DIARY OF J.R.KAZALLON, PASSENGER.


By Jules Verne


CONTENTS


CHAPTER I.

CHAPTER II.

CHAPTER III.

CHAPTER IV.

CHAPTER V.

CHAPTER VI.

CHAPTER VII.

CHAPTER VIII.

CHAPTER IX.

CHAPTER X.

CHAPTER XI.

CHAPTER XII.

CHAPTER XIII.

CHAPTER XIV.

CHAPTER XV.

CHAPTER XVI.

CHAPTER XVII.

CHAPTER XVIII.

CHAPTER XIX.

CHAPTER XX.

CHAPTER XXI.

CHAPTER XXII.

CHAPTER XXIII.

CHAPTER XXIV.

CHAPTER XXV.

CHAPTER XXVI.

CHAPTER XXVII.

CHAPTER XXVIII.

CHAPTER XXIX.

CHAPTER XXX.

CHAPTER XXXI.

CHAPTER XXXII.

CHAPTER XXXIII.

CHAPTER XXXIV.

CHAPTER XXXV.

CHAPTER XXXVI.

CHAPTER XXXVII.

CHAPTER XXXVIII.

CHAPTER XXXIX.

CHAPTER XL.

CHAPTER XLI.

CHAPTER XLII.

CHAPTER XLIII.

CHAPTER XLIV.

CHAPTER XLV.

CHAPTER XLVI.

CHAPTER XLVII.

CHAPTER XLVIII.

CHAPTER XLIX.

CHAPTER L.

CHAPTER LI.

CHAPTER LII.

CHAPTER LIII.

CHAPTER LIV.

CHAPTER LV.

CHAPTER LVI.

CHAPTER LVII.






CHAPTER I.

CHARLESTON, SEPTEMBER 27th, 1869.—It is high tide, and three o’clock in the afternoon when we leave the Battery-quay; the ebb carries us off shore, and as Captain Huntly has hoisted both main and top sails, the northerly breeze drives the “Chancellor” briskly across the bay. Fort Sumter ere long is doubled, the sweeping batteries of the mainland on our left are soon passed, and by four o’clock the rapid current of the ebbing tide has carried us through the harbour-mouth.

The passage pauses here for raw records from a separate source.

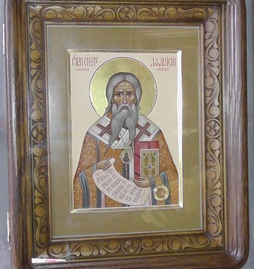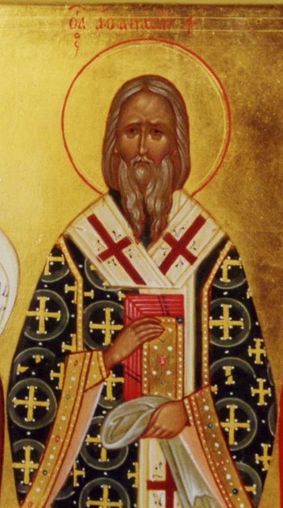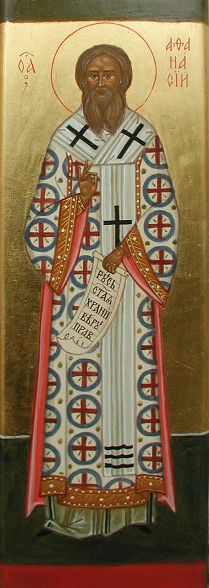 Сла́вы Бо́жия ревни́теля/ и благоле́пия церко́внаго блюсти́теля,/ те́сным житие́м и мно́гими по́двиги/ вели́кому иера́рху Александри́йскому подо́бника,/ святи́теля Афана́сия, испове́дника Росси́йскаго,/ усе́рдно восхва́лим, ве́рнии./ Сей бо при́сно мо́лится/ о спасе́нии земна́го Оте́чества своего́/ и о всех, живу́щих в нем,/ велегла́сно с любо́вию взыва́я:/ Русь Свята́я,/ храни́ ве́ру правосла́вную,// в не́йже тебе́ утвержде́ние.
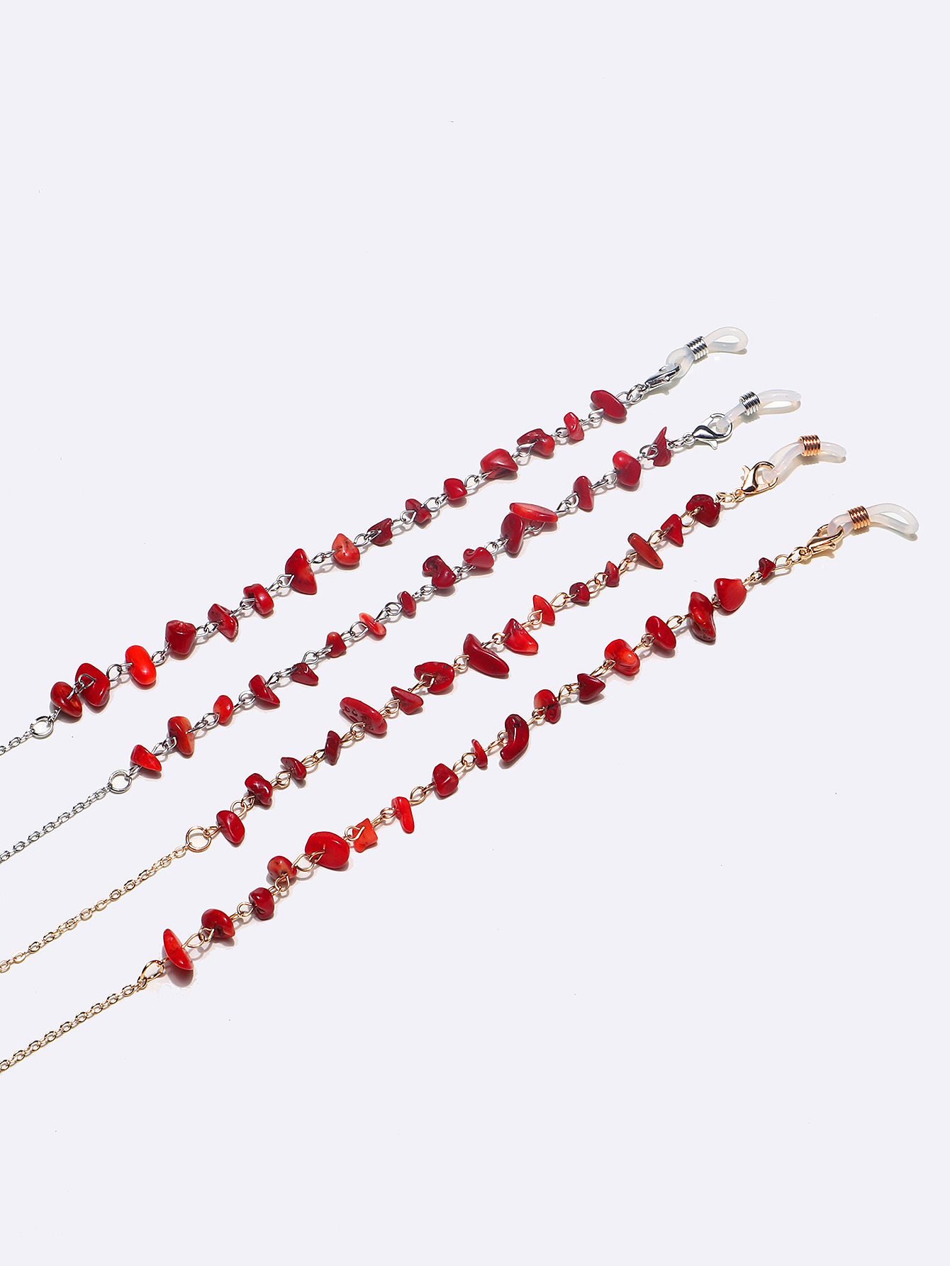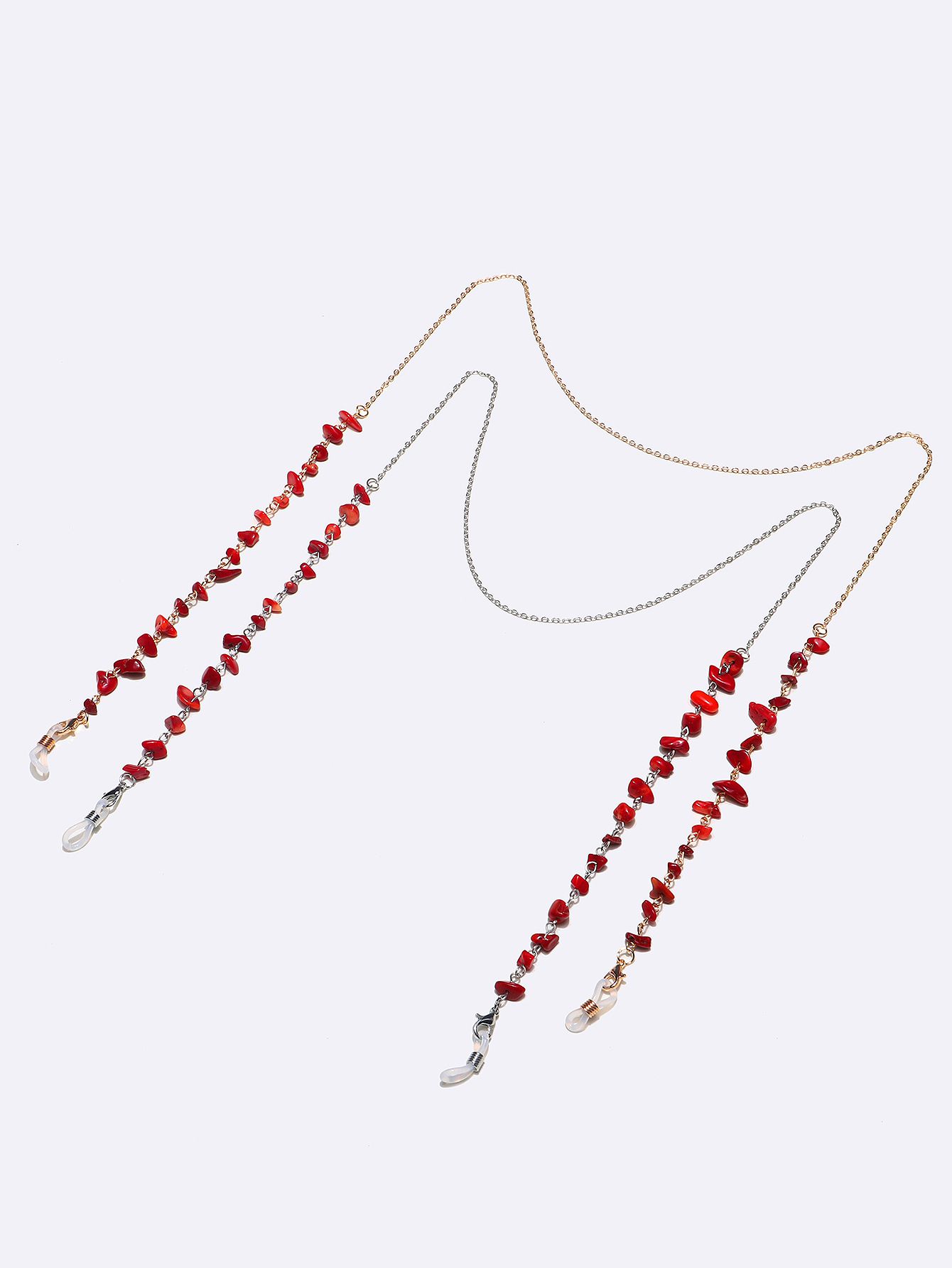 Металлическая нескользящая цепочка,комплект из золотой и серебрянной с натуральным красным камнем, для очков и масок GM126
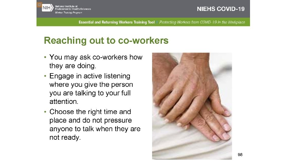 Acknowledgement The Midwest Consortium developed this course under cooperative agreement number U 45 ES 06184 from the National Institute of Environmental Health Sciences for community members who may be impacted by COVID-19. Source: Except as noted, content and images for this Power. Point presentation have been adapted from NIEHS COVID-19 Training Tools: https: //tools. niehs. nih. gov/wetp/covid 19 worker/index. cfm
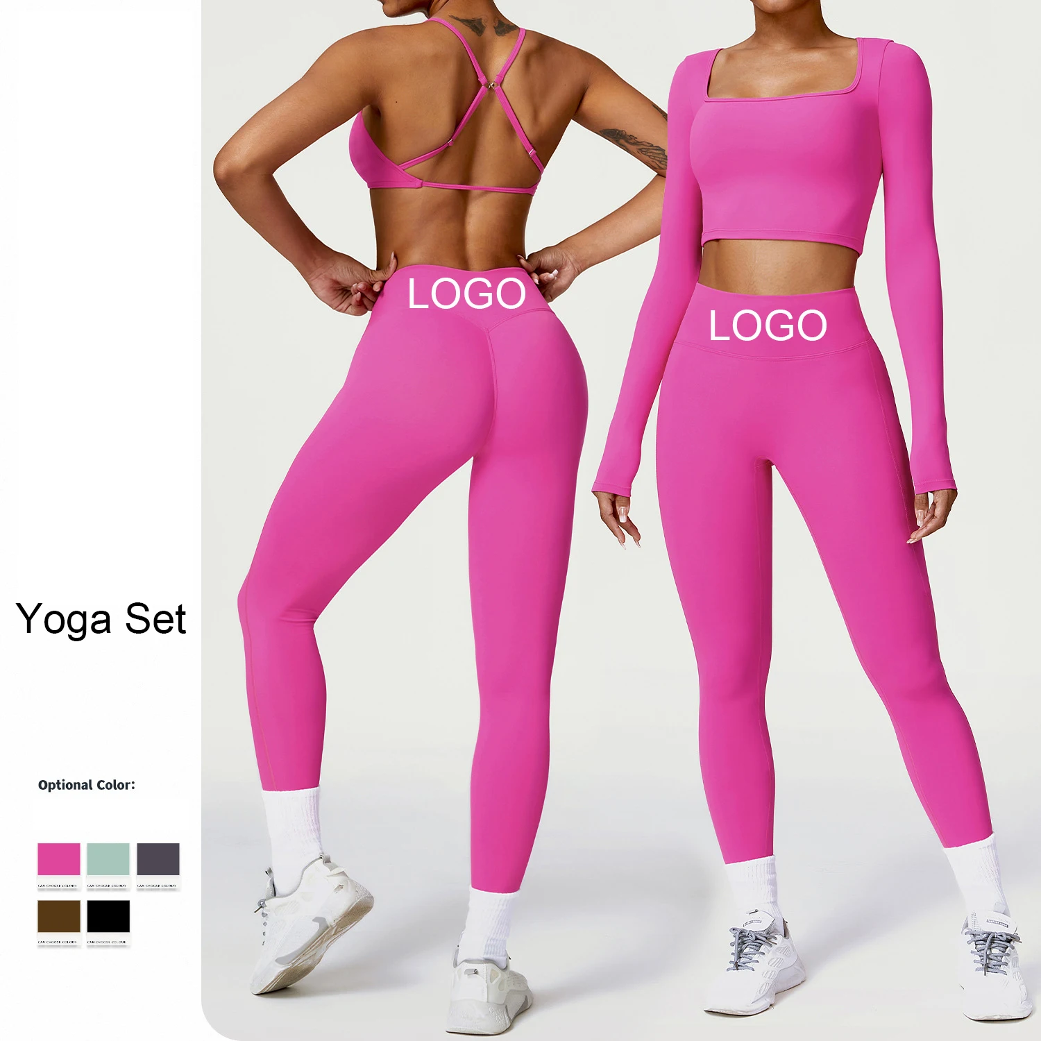 | Product Name | Custom Solid Knitted Running Sports Bra High Waist Yoga Pants Seamless Gym Wear Fitness Set Yoga Suit |
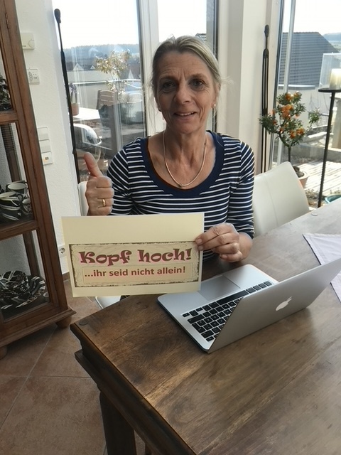 "Liebe Grüße aus dem Homeoffice von mir. Ihr fehlt mir alle sehr und deshalb freue ich mich um so mehr, wenn wir uns wieder alle gesund treffen können. Sollten Probleme oder Sonstiges auftreten, könnt ihr mich natürlich weiterhin jederzeit kontaktieren". Eure Claudia Seifried
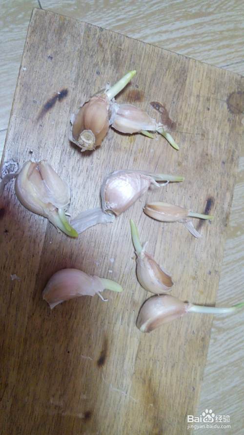 将发芽的大蒜,掰成一个一个的,注意掰的时候不要弄断芽苗,扔掉坏掉的,保留芽苗发育良好的

But as yet we have not reached the open sea; we have still to thread our way through the narrow channels which the surge has hollowed out amongst the sand-banks. The captain takes a south-west course, rounding the lighthouse at the corner of the fort; the sails are closely trimmed; the last sandy point is safely coasted, and at length, at seven o’clock in the evening; we are out free upon the wide Atlantic.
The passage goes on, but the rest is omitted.